Basta o tempo esfriar para que a fome aumente, a disposição desapareça, a roupa fique mais apertada e já surja aquela preocupação que atormenta: o medo de ganhar peso.
Nosso organismo pede mais energia nos dias frios — ele quer comida quentinha, conforto, aconchego. Além disso, o frio ativa regiões do cérebro ligadas à busca por bem-estar. E isso nos faz desejar alimentos que aquecem não só o corpo, mas também a memória e o afeto.
Comer mais, portanto, é um processo natural de sobrevivência humana em tempos de baixas temperaturas.
O que não tem sido natural é a culpa que estamos sentindo e o excesso de julgamento que fazemos sobre o nosso comportamento alimentar e sobre nossa imagem corporal.
No meu consultório, vejo o tempo todo que na maioria das vezes não é o peso que nos adoece — e sim o olhar duro que lançamos sobre nós mesmas.
Toda vez que nos olhamos com rigidez, que dizemos palavras duras sobre a nossa imagem, que nos enxergamos com raiva no espelho, estamos dando voz a um sistema que lucra muito quando a gente se odeia.
Já passou da hora de mudarmos esse discurso. Mas mudar esse discurso não é só parar de nos criticarmos no espelho. É mais profundo. É sobre reaprender a nos ver com humanidade.
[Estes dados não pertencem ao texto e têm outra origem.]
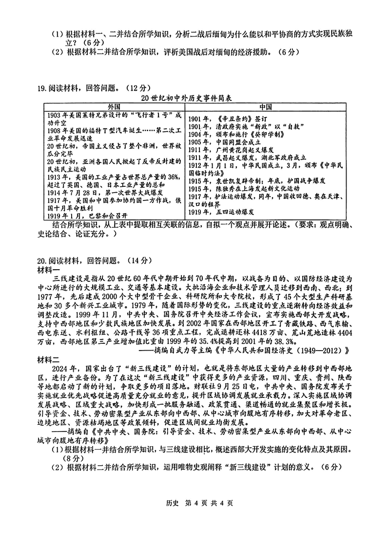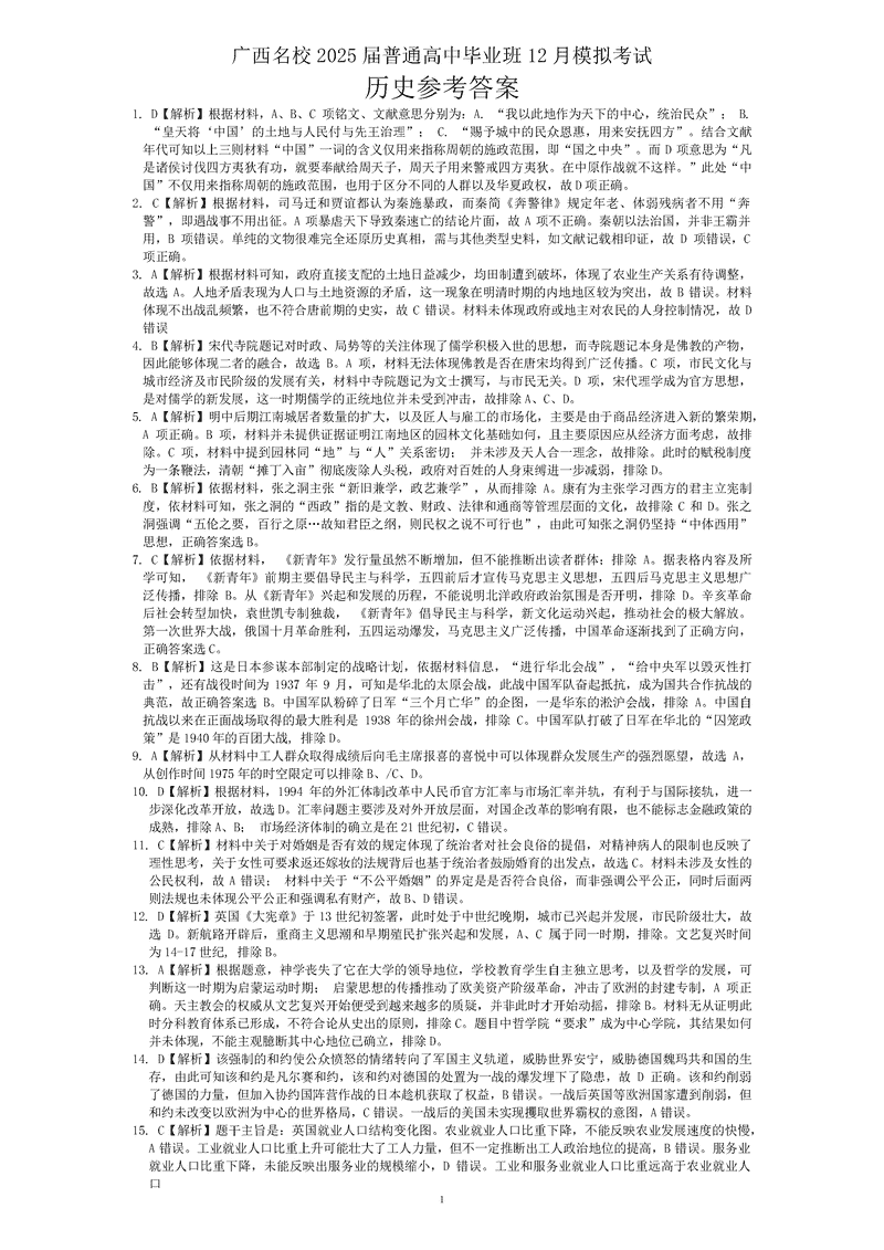广西名校2025届高中毕业班12月模拟历史试题及答案

É entender que não somos máquinas de autocontrole, nem vitrines ambulantes para agradar expectativas alheias.
Somos seres humanos com hormônios que oscilam, rotinas exaustivas, noites mal dormidas, medos que ninguém vê e uma pressão constante para sermos produtivos, fortes, leves, bem-sucedidos… tudo junto e misturado.
E, no meio de tudo isso, ainda precisamos lidar com os nossos duros julgamentos por querermos comer um pão quentinho ou por não termos forças para malhar no dia mais frio da semana? Ah, pelo amor de Deus… isso não é autocuidado. Isso é autoexigência das mais duras.
É preciso abrirmos espaço para outra forma de olharmos para nós mesmas. Uma forma mais justa, mais real, mais possível.
Uma forma que não nos condene, mas que nos abrace — exatamente como damos conta de ser hoje.
Mas como se acolher melhor? Por onde começar?
- Reduza o autojulgamento, aumente a curiosidade.
Em vez de pensar “por que comi isso de novo?”, pergunte: “o que eu estava sentindo quando comi?”.
Entender seu comportamento é o primeiro passo para cuidar — e não para punir.
- Movimente o corpo como um ato de carinho, não de dívida.
Sabe aquela frase “tá pago”? Não fale mais isso. Se a academia parece pesada, escolha algo mais leve e possível. Dançar, alongar-se, caminhar no sol da manhã… Qualquer movimento feito com prazer tem mais efeito do que esforço com raiva.
- Planeje o que puder — mas abrace a sua imperfeição.
Fazer uma sopa nutritiva, preparar um chá gostoso ou deixar frutas cortadas à mão já é autocuidado. Não precisa ser “perfeito”, só precisa ser gentil.
- Desconecte-se do ideal, reconecte-se com a realidade.
Evite perfis que te deixam mal.
Siga vozes que falam de corpo real, saúde emocional e verdade.
Você não precisa de mais cobrança — precisa de mais verdade.
- Fale consigo mesma como falaria com uma amiga querida.
Se você não diria a ela “sua preguiçosa, descontrolada, sem foco”, então por que diz isso a si mesma? Gentileza é força.
Você não precisa atravessar o inverno brigando com o seu corpo, nem tentando caber num padrão que nem foi você quem escolheu. Seu corpo muda — e isso é sinal de vida, de adaptação, de saúde. Mas o seu valor, esse permanece. Inteiro. Inabalável.
Que esse seja o inverno em que você se cubra de afeto, se alimente com presença, se mova com liberdade e se olhe com o respeito que merece.
Você não precisa esperar a próxima estação para começar a se amar. Você pode começar hoje. Que tal?